L’intervento chirurgico è generalmente un intervento di seconda linea che viene preso in considerazione dopo il fallimento del trattamento conservativo, solitamente non prima di 6 mesi. Esistono varie tipologie di intervento che dipendono dalla gravità della patologia e dall’interessamento di altre strutture circostanti. Indipendentemente dalla precisa metodologia chirurgica tutti gli interventi prevedono una incisione più o meno grande a livello dell’epicondilo mediale con esposizione dell’epicondilo e resezione del tessuto angiofibroblastico e/o necrotico[15]. Una delle ultime tecniche chirurgiche utilizzate è la tenotomia percutanea eco-guidata: è una tecnica mininvasiva in cui tramite la guida di un ecografo viene utilizzato uno strumento che produce oscillazioni ad alta frequenza e bassa ampiezza che traghettano le aree necrotiche ed angiofibroblastiche (aree ipo-ecogene all’ecografo). L’intervento sembra essere molto efficace nella rimozione di tali tessuti con un successo stimato tra il 95% e 100% all’ecografo.

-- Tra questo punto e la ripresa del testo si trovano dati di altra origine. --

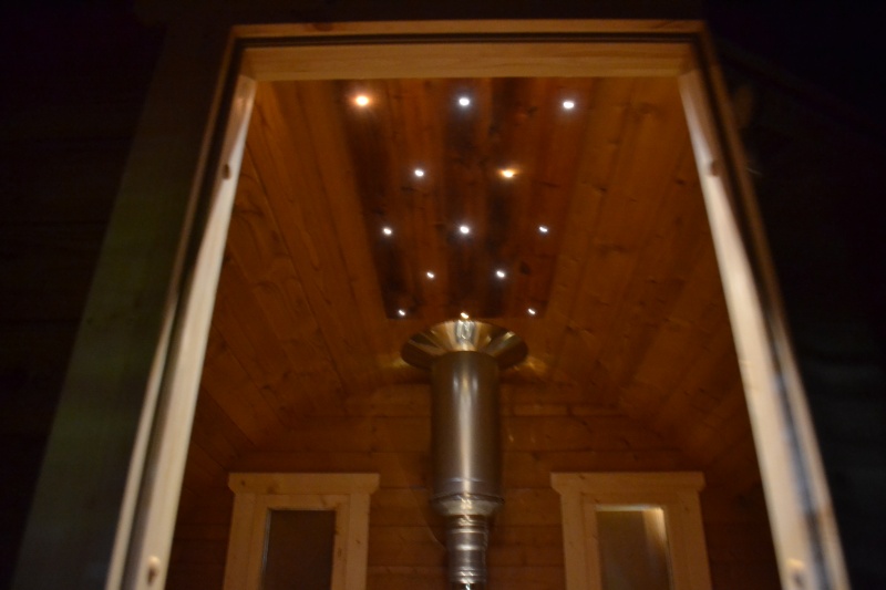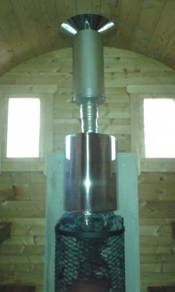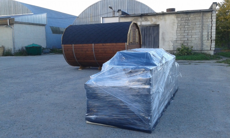 Asiakkaalle jää vain vesisäiliön ja piipun asennu.katossa on valmiina läpivienti reikä piipulle.Tippalistat kattohuovan reunan alle.

Inseguito all’intervento chirurgico è comunque importante effettuare una fase di gestione post-operatoria che preveda il trattamento della cicatrice, del dolore, il miglioramento del ROM articolare e della forza, monitoraggio per evitare problematiche secondarie ed educazione alle attività di vita quotidiana.

Il management post-operatorio prevede che dopo circa 7-10 giorni dall’intervento, gli splint e in punti di sutura vengano rimossi. A questo punto è possibili iniziare con esercizi passivi ed attivi della mano, polso e gomito. Esercizi isometrici a 3-4 settimane postoperatorie, mentre a 6 settimane è possibile iniziare con esercizi più vigorosi, esercizi di forza che prevendono flessione di polso e pronazione dell’avambraccio. È poi necessario seguire un programma di rinforzo progressivo[4] ed educazione del paziente alle attività.

Uno studio del 2019 di Faqui H. et al. ha dimostrato come le Muscle Energy Technique (METs)e sono efficaci nel miglioramento di dolore, ROM e funzione in pazienti con rigidità post-operatoria a livello del gomito[16].


Prognosi

La prognosi del dolore mediale di gomito è favorevole. La terapia conservativa risulta efficace in una percentuale che varia dal 60% al 90% dei casi[14]. Infatti, molti pazienti possono tornare alle loro attività lavorative e/o sportive dopo aver completato il percorso riabilitativo ed una educazione all’esecuzione di tali attività.

In caso di fallimento del trattamento conservativo ed effettuato l’intervento chirurgico, generalmente una persona ritorna alle proprie attività dai 3 ai 6 mesi postoperatori[4].


Conclusione

Il dolore mediale di gomito o epicondilite mediale nonostante non sia tra le più comuni patologie dell’arto superiore, quando presente può indurre difficoltà o inabilità nelle attività di vita quotidiana, lavorativa e sportiva. Pertanto, è opportuno rivolgersi ad un esperto del settore in grado di valutare la condizione ed indirizzare verso il corretto percorso terapeutico atto a migliorare la sintomatologia e la qualità della vita.